Fumio Sasaki é um grande escritor e editor-chefe da Wani Books. Atualmente mora em Tóquio, em um apartamento de vinte metros quadrados, mobiliado apenas com uma caixa de madeira, uma escrivaninha e um colchão. Em seu livro “Dê adeus ao excesso”, ele conta não só como deu fim aos próprios excessos, mas também do bem-estar e da alegria que vem experimentando desde então. Me chamou muito atenção um trecho onde ele escreveu “gosto de fazer o mesmo caminho para o trabalho todos os dias — isso me permite apreciar as mudanças das quatro estações”. É notável em sua fala não o cansaço de quem passa pelo mesmo lugar todos os dias, mas a curiosidade e o prazer em buscar a novidade no que é visto todos os dias. Sasaki poderia anotar em sua listinha mental todos os possíveis caminhos para ir ao trabalho, e marcar com um “ok” cada vez que passasse por um novo. Mas preferiu se deliciar com os detalhes e enxergar o que talvez tivesse passado despercebido pela primeira vez.

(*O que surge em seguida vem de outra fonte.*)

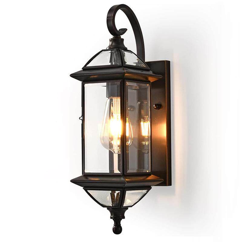 📚 境古焊锡铜古壁灯防水W23012户外复灯跨灯门廊庭院别墅灯透明玻璃
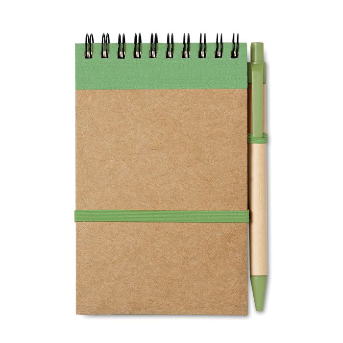 Карманный блокнотик с ручкой. Блок 70 стр. из вторично переработанной бумаги. Застегивается на резинке. Синие чернила.
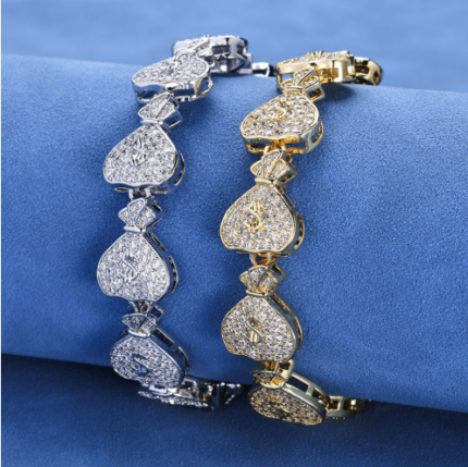 15mm US Dollar Money Bag S925 Silver Moissanite Men’s Bracelet(15mm美金钱袋古巴链饰品高级感S925银莫桑石男士手链)
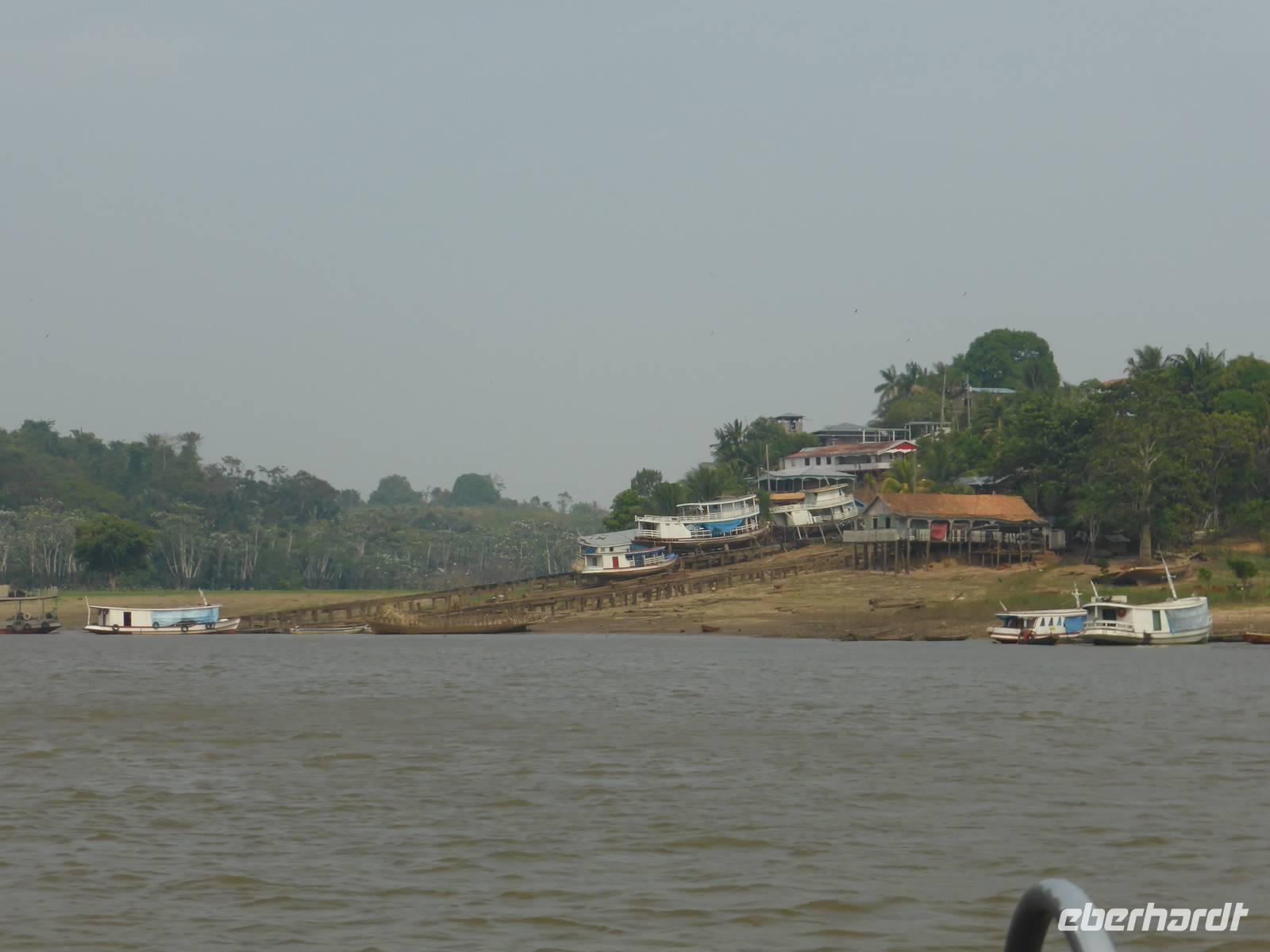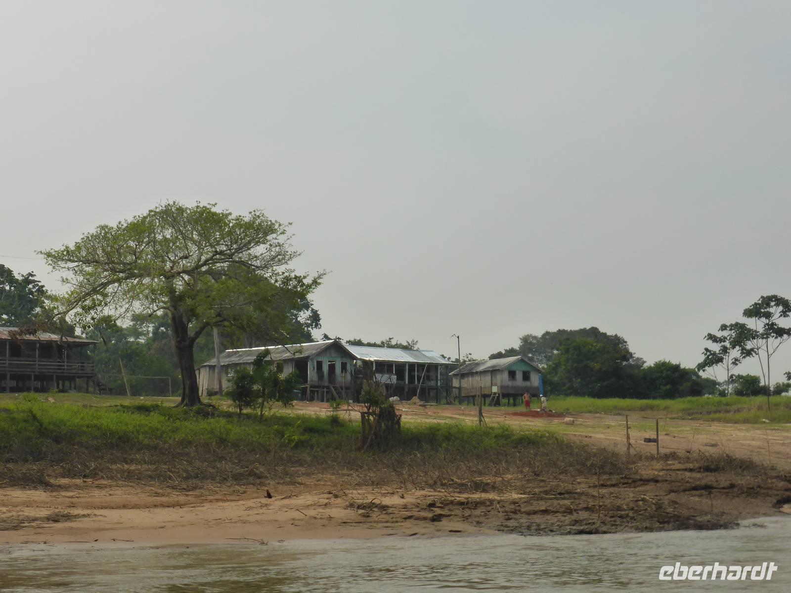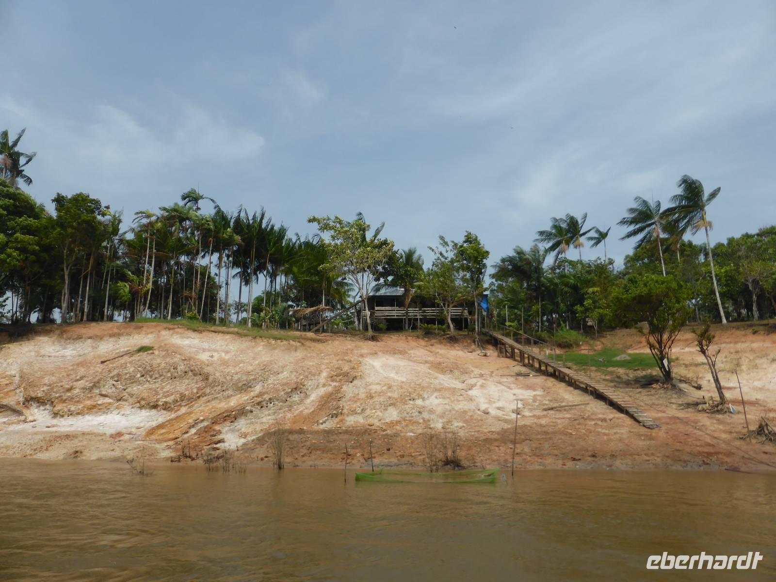 Bereits ab der ersten Minute unserer Ankunft in Amazonien beeindruckten uns die gewaltigen Wasserflächen und die gewaltige Flussbreite. Am Samstagmorgen stand ein Bootsausflug zu einer Farm in der Region des Janauaca-Sees, einem Teilstück des Rio Solimoes/Amazonas auf dem Programm. Der Amazonas kommt aufgrund seines geringen Gefälles nur langsam voran und überschwemmt ein riesiges Gebiet auf seinem Weg in den Atlantik. Ursprünglich mündete er in den Pazifik. Durch die Landhebung wurde ihm vor Jahrmillionen dieser Abfluss versperrt und seither fließt er in die entgegengesetzte Richtung. Wir fuhren zunächst an vielen Hausbooten vorbei, in denen bevorzugt Fischerfamilien leben, und legten dann an einem hölzernen Bootssteg an, um die Farm von Familie Alvaro zu besuchen. Zuerst zeigte uns Jefferson die Öfen zum Backen des Maniokmehls. Maniok-Pflanzen sind giftig, weshalb die Wurzelknollen geschält und drei Tage gewässert werden müssen, um genießbar zu sein. Anschließend werden sie gepresst und im Ofen gebacken. Bei einem Rundgang über die relativ kleine landwirtschaftliche Nutzfläche der Farm erzählte uns Jefferson von den Problemen beim Anbau der Pflanzen und aus welchen Gründen ein Anbau in großen Plantagen im Amazonasgebiet nicht möglich ist. Im Haus von Familie Alvaro probierten wir dann verschiedene Früchte und waren berührt von der einfachen Ausstattung der Wohnräume.

Por fim, a comissária de voo. Fui aeromoça por muitos anos, e sempre que descobriam minha profissão, me diziam: “nossa, então você já conhece tudo!”. Mas sentia que decepcionava as pessoas quando respondia que “não”, e que a cada vez pernoitava em uma cidade, conhecia mais um pouquinho dela. Parecia haver uma ânsia para que eu já tivesse conhecido tudo. Mas até pela própria profissão, precisei conhecer aos poucos os lugares por onde passava — nunca houve tempo para fazer “tudo”, de dar um “ok” na minha listinha mental logo de primeira. Percebi que ao revisitar os mesmos lugares, o já conhecido, conhecia algo novo.

Mas o ponto alto de toda essa conversa, meus caros, não é sobre deixar nossas listinhas mentais de lado. Isso, nunca! Mas, sim, sobre não dar o “ok”. Deixem o quadradinho ao lado do item em branco. Conheçam, aprendam, visitem. Depois, se permitam revisitar, reaprender. O imediatismo que estamos experimentando não tem nos permitido voltar, mas apenas avançar (e logo). Quando pensamos que já conhecemos algo, perdemos a chance de conhecer mais. Com um olhar mais atento ao que está à nossa volta, com paciência para redescobrir, saboreamos a vida ao invés de engoli-la. E é isso o que um pintor com catarata, um escritor minimalista e uma comissária de voo tem em comum!